*Records for the task*
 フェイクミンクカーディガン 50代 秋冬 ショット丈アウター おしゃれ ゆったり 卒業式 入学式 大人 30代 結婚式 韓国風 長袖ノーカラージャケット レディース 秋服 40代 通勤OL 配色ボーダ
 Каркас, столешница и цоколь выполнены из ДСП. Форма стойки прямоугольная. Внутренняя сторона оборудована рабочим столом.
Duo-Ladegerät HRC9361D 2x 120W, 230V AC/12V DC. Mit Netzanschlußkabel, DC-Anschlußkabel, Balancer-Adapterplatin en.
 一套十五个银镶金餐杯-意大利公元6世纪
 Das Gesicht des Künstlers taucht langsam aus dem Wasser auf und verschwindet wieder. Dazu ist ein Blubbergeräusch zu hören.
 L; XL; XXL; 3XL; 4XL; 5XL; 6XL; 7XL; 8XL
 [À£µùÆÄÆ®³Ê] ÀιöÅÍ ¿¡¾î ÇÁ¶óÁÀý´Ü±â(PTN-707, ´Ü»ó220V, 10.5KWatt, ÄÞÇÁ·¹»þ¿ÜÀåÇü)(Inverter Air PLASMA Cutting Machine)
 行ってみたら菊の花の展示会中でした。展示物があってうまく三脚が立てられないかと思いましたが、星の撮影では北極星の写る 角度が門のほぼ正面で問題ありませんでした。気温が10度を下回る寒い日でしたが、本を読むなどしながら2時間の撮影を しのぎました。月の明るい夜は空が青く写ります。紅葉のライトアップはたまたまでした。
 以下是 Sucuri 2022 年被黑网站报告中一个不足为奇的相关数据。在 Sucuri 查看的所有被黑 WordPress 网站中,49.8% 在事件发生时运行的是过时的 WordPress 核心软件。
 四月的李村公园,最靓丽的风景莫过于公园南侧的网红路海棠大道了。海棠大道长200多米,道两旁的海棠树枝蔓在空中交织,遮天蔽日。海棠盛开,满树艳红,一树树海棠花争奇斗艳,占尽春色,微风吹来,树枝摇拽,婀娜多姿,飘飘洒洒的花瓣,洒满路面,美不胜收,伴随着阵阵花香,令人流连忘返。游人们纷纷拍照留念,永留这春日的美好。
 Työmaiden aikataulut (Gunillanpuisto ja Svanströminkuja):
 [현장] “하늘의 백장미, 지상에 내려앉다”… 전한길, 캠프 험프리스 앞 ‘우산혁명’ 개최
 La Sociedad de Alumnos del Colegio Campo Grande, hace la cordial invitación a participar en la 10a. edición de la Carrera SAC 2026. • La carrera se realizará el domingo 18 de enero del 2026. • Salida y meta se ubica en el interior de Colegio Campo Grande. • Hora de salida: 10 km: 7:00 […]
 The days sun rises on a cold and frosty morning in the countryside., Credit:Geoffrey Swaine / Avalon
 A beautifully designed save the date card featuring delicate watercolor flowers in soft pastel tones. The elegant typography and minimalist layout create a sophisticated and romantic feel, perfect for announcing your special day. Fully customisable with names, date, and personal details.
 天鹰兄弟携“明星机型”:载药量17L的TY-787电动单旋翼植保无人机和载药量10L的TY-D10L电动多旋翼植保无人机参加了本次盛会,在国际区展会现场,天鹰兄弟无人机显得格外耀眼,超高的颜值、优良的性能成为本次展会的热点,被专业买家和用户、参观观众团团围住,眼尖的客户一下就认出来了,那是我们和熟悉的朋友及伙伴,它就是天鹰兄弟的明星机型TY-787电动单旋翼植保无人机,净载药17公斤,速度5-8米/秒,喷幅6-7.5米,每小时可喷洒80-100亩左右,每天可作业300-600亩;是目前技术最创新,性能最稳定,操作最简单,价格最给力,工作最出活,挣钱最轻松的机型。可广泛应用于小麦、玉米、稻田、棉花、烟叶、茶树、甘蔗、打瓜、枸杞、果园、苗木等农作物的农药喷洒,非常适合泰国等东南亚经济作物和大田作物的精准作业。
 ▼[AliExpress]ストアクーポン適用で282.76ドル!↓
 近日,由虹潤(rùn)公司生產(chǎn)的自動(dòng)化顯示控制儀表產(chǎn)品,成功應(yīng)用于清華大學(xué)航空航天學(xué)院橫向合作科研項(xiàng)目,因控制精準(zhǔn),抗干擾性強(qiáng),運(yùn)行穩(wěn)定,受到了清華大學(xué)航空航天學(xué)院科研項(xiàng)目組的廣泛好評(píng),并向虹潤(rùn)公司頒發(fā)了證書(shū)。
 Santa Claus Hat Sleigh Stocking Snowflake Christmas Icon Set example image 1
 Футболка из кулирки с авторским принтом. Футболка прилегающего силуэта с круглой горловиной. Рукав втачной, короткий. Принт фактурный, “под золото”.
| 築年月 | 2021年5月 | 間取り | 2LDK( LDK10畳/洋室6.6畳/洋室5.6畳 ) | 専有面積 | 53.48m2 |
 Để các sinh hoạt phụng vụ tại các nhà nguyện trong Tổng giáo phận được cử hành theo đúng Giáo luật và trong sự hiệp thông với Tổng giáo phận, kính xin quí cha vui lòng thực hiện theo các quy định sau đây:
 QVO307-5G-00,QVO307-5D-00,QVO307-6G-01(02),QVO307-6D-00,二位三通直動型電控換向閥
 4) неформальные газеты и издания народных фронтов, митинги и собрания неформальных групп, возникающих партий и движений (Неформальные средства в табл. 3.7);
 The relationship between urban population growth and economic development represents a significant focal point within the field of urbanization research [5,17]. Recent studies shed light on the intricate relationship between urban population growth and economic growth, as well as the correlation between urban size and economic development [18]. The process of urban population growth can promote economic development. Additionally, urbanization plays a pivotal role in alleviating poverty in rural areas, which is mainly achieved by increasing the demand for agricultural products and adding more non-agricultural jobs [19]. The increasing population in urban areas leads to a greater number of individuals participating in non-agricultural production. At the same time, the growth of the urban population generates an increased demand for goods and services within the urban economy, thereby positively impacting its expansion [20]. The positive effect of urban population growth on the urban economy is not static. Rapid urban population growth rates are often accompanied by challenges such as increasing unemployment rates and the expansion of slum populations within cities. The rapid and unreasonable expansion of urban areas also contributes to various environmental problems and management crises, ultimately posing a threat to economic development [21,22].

*What the task requires*
Copy every line above without altering a word.

*Task output*
 フェイクミンクカーディガン 50代 秋冬 ショット丈アウター おしゃれ ゆったり 卒業式 入学式 大人 30代 結婚式 韓国風 長袖ノーカラージャケット レディース 秋服 40代 通勤OL 配色ボーダ
 Каркас, столешница и цоколь выполнены из ДСП. Форма стойки прямоугольная. Внутренняя сторона оборудована рабочим столом.
Duo-Ladegerät HRC9361D 2x 120W, 230V AC/12V DC. Mit Netzanschlußkabel, DC-Anschlußkabel, Balancer-Adapterplatin en.
 一套十五个银镶金餐杯-意大利公元6世纪
 Das Gesicht des Künstlers taucht langsam aus dem Wasser auf und verschwindet wieder. Dazu ist ein Blubbergeräusch zu hören.
 L; XL; XXL; 3XL; 4XL; 5XL; 6XL; 7XL; 8XL
 [À£µùÆÄÆ®³Ê] ÀιöÅÍ ¿¡¾î ÇÁ¶óÁÀý´Ü±â(PTN-707, ´Ü»ó220V, 10.5KWatt, ÄÞÇÁ·¹»þ¿ÜÀåÇü)(Inverter Air PLASMA Cutting Machine)
 行ってみたら菊の花の展示会中でした。展示物があってうまく三脚が立てられないかと思いましたが、星の撮影では北極星の写る 角度が門のほぼ正面で問題ありませんでした。気温が10度を下回る寒い日でしたが、本を読むなどしながら2時間の撮影を しのぎました。月の明るい夜は空が青く写ります。紅葉のライトアップはたまたまでした。
 以下是 Sucuri 2022 年被黑网站报告中一个不足为奇的相关数据。在 Sucuri 查看的所有被黑 WordPress 网站中,49.8% 在事件发生时运行的是过时的 WordPress 核心软件。
 四月的李村公园,最靓丽的风景莫过于公园南侧的网红路海棠大道了。海棠大道长200多米,道两旁的海棠树枝蔓在空中交织,遮天蔽日。海棠盛开,满树艳红,一树树海棠花争奇斗艳,占尽春色,微风吹来,树枝摇拽,婀娜多姿,飘飘洒洒的花瓣,洒满路面,美不胜收,伴随着阵阵花香,令人流连忘返。游人们纷纷拍照留念,永留这春日的美好。
 Työmaiden aikataulut (Gunillanpuisto ja Svanströminkuja):
 [현장] “하늘의 백장미, 지상에 내려앉다”… 전한길, 캠프 험프리스 앞 ‘우산혁명’ 개최
 La Sociedad de Alumnos del Colegio Campo Grande, hace la cordial invitación a participar en la 10a. edición de la Carrera SAC 2026. • La carrera se realizará el domingo 18 de enero del 2026. • Salida y meta se ubica en el interior de Colegio Campo Grande. • Hora de salida: 10 km: 7:00 […]
 The days sun rises on a cold and frosty morning in the countryside., Credit:Geoffrey Swaine / Avalon
 A beautifully designed save the date card featuring delicate watercolor flowers in soft pastel tones. The elegant typography and minimalist layout create a sophisticated and romantic feel, perfect for announcing your special day. Fully customisable with names, date, and personal details.
 天鹰兄弟携“明星机型”:载药量17L的TY-787电动单旋翼植保无人机和载药量10L的TY-D10L电动多旋翼植保无人机参加了本次盛会,在国际区展会现场,天鹰兄弟无人机显得格外耀眼,超高的颜值、优良的性能成为本次展会的热点,被专业买家和用户、参观观众团团围住,眼尖的客户一下就认出来了,那是我们和熟悉的朋友及伙伴,它就是天鹰兄弟的明星机型TY-787电动单旋翼植保无人机,净载药17公斤,速度5-8米/秒,喷幅6-7.5米,每小时可喷洒80-100亩左右,每天可作业300-600亩;是目前技术最创新,性能最稳定,操作最简单,价格最给力,工作最出活,挣钱最轻松的机型。可广泛应用于小麦、玉米、稻田、棉花、烟叶、茶树、甘蔗、打瓜、枸杞、果园、苗木等农作物的农药喷洒,非常适合泰国等东南亚经济作物和大田作物的精准作业。
 ▼[AliExpress]ストアクーポン適用で282.76ドル!↓
 近日,由虹潤(rùn)公司生產(chǎn)的自動(dòng)化顯示控制儀表產(chǎn)品,成功應(yīng)用于清華大學(xué)航空航天學(xué)院橫向合作科研項(xiàng)目,因控制精準(zhǔn),抗干擾性強(qiáng),運(yùn)行穩(wěn)定,受到了清華大學(xué)航空航天學(xué)院科研項(xiàng)目組的廣泛好評(píng),并向虹潤(rùn)公司頒發(fā)了證書(shū)。
 Santa Claus Hat Sleigh Stocking Snowflake Christmas Icon Set example image 1
 Футболка из кулирки с авторским принтом. Футболка прилегающего силуэта с круглой горловиной. Рукав втачной, короткий. Принт фактурный, “под золото”.
| 築年月 | 2021年5月 | 間取り | 2LDK( LDK10畳/洋室6.6畳/洋室5.6畳 ) | 専有面積 | 53.48m2 |
 Để các sinh hoạt phụng vụ tại các nhà nguyện trong Tổng giáo phận được cử hành theo đúng Giáo luật và trong sự hiệp thông với Tổng giáo phận, kính xin quí cha vui lòng thực hiện theo các quy định sau đây:
 QVO307-5G-00,QVO307-5D-00,QVO307-6G-01(02),QVO307-6D-00,二位三通直動型電控換向閥
 4) неформальные газеты и издания народных фронтов, митинги и собрания неформальных групп, возникающих партий и движений (Неформальные средства в табл. 3.7);
 The relationship between urban population growth and economic development represents a significant focal point within the field of urbanization research [5,17]. Recent studies shed light on the intricate relationship between urban population growth and economic growth, as well as the correlation between urban size and economic development [18]. The process of urban population growth can promote economic development. Additionally, urbanization plays a pivotal role in alleviating poverty in rural areas, which is mainly achieved by increasing the demand for agricultural products and adding more non-agricultural jobs [19]. The increasing population in urban areas leads to a greater number of individuals participating in non-agricultural production. At the same time, the growth of the urban population generates an increased demand for goods and services within the urban economy, thereby positively impacting its expansion [20]. The positive effect of urban population growth on the urban economy is not static. Rapid urban population growth rates are often accompanied by challenges such as increasing unemployment rates and the expansion of slum populations within cities. The rapid and unreasonable expansion of urban areas also contributes to various environmental problems and management crises, ultimately posing a threat to economic development [21,22].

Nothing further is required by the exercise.